Among the things I jotted in my journal that day, I noted how jigsaws require all the pieces, that each individual piece matters and without each individual piece in place, the puzzle is incomplete. By the nature of their design, the picture of a puzzle lacks detail when a piece is not in place.  

A Piece with a Purpose

It hadn’t been in my mind when I chose it as my object, but as I reflected I remembered my creative presentation and looking around the room came to realise how this group of people were each pieces in the vast connexional jigsaw. This moment was perhaps the first time I felt I experienced a glimpse of what it would one day mean to be Received into Full Connexion, coming to belong to an order of ministry made of up diversely gifted and opinionated (!), God-centred people, called and equipped by God in a particular way to serve God’s people.

That day a little piece of card that I could easily how thrown away, was given new purpose. It now hangs on my wall to remind me of my formational journey, my Queens family, my being a unique part of a bigger whole, my belonging to God’s church, and growing into my vocation as a minister within God’s universal church.  

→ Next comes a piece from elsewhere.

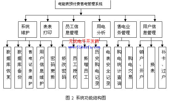 基于RFID的預付費電能表管理系統,采用了Microsoft Visual Studio.NET開發平臺和 SQL Server數據庫以及串口通信技術,能夠對區域內所有用戶的用電情況進行現代化管理,方便了用戶購電。該預付費系統兼有預付費售電以及電能表運行監測功能包括系統維護、員工信息管理、用電分析、售電業務管理、報表打印、用戶信息管理六項功能。如圖2所示。

A Piece Connected to Others

Reminded of both my own personal call, and the way I am connected to others has helped me to hold my personal disappointment in perspective with the wider world.

My disappointment is not isolated and unique. From the postponed weddings; funerals held differently to ‘normal’; birthday parties held on zoom; inability to purchase eggs, flour or loo roll (!); trivial or deeply difficult – all of society is bearing disappointments, uncertainties and changes to our way of life.

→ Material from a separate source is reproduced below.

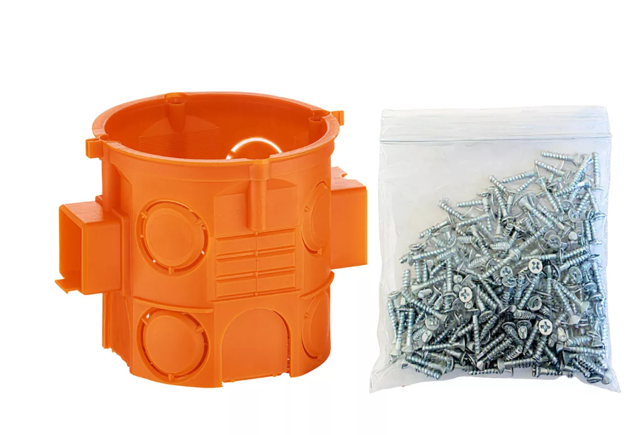 S60DFWw pomarańczowy_Puszka podtynkowa 60 mm, głęboka, szeregowa, z wkrętami w woreczku

Held in perspective, I’m coming to see my disappointment as part of my being connected to others, my bearing the worldwide impact of coronavirus, my sharing in the communal suffering of our groaning world.  My participation in the necessary change and the emergence into the ‘new normal’ we all have to begin to adjust to.

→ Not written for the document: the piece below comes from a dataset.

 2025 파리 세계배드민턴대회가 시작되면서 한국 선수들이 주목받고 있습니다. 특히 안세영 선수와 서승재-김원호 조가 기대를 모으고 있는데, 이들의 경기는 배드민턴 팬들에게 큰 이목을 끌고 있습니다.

I’m also coming to see this experience as part of the burden of responsibility that goes with saying yes to serving God. I realise now that I too am represented by the missing pieces and mispatched jigsaws through which I sought to illustrated the broken body of Christ living in a broken world. And I too can still belong.

Opportunity Discovered

And through that disappointment, I’m finding opportunity. Much of my disappointment comes from the fact that the things in which I had held symbolism and meaning are having to change. But, if I choose to, I can find new-meaning in new places despite the delay and uncertain waiting.

While the unknown is difficult, subverts tradition (which granted can be good or bad!) and is in some ways un-nerving, I’m also coming to feel excited again by the prospect of discovering God through the unexpected in what is yet to come.

This opportunity to discover and rediscover for myself is now starting to feel like an unexpected gift. A time to be brave, not clinging to the past but reaching for the future, as part of the body that is ready to change and transform for such a time as this.

A gift, a piece, and peace  

Despite COVID being a catalyst for things to be different, change does not have to detract from truth. I’ve been reminded these last weeks that no matter what happens in this broken and uncertain world, I am still called & equipped by God. I am still a unique piece of the puzzle that is God’s kingdom, and God’s kingdom would have a hole in without me. Despite appearances and the implications of long-term social distancing, by God’s design, I am and always will be connected to others.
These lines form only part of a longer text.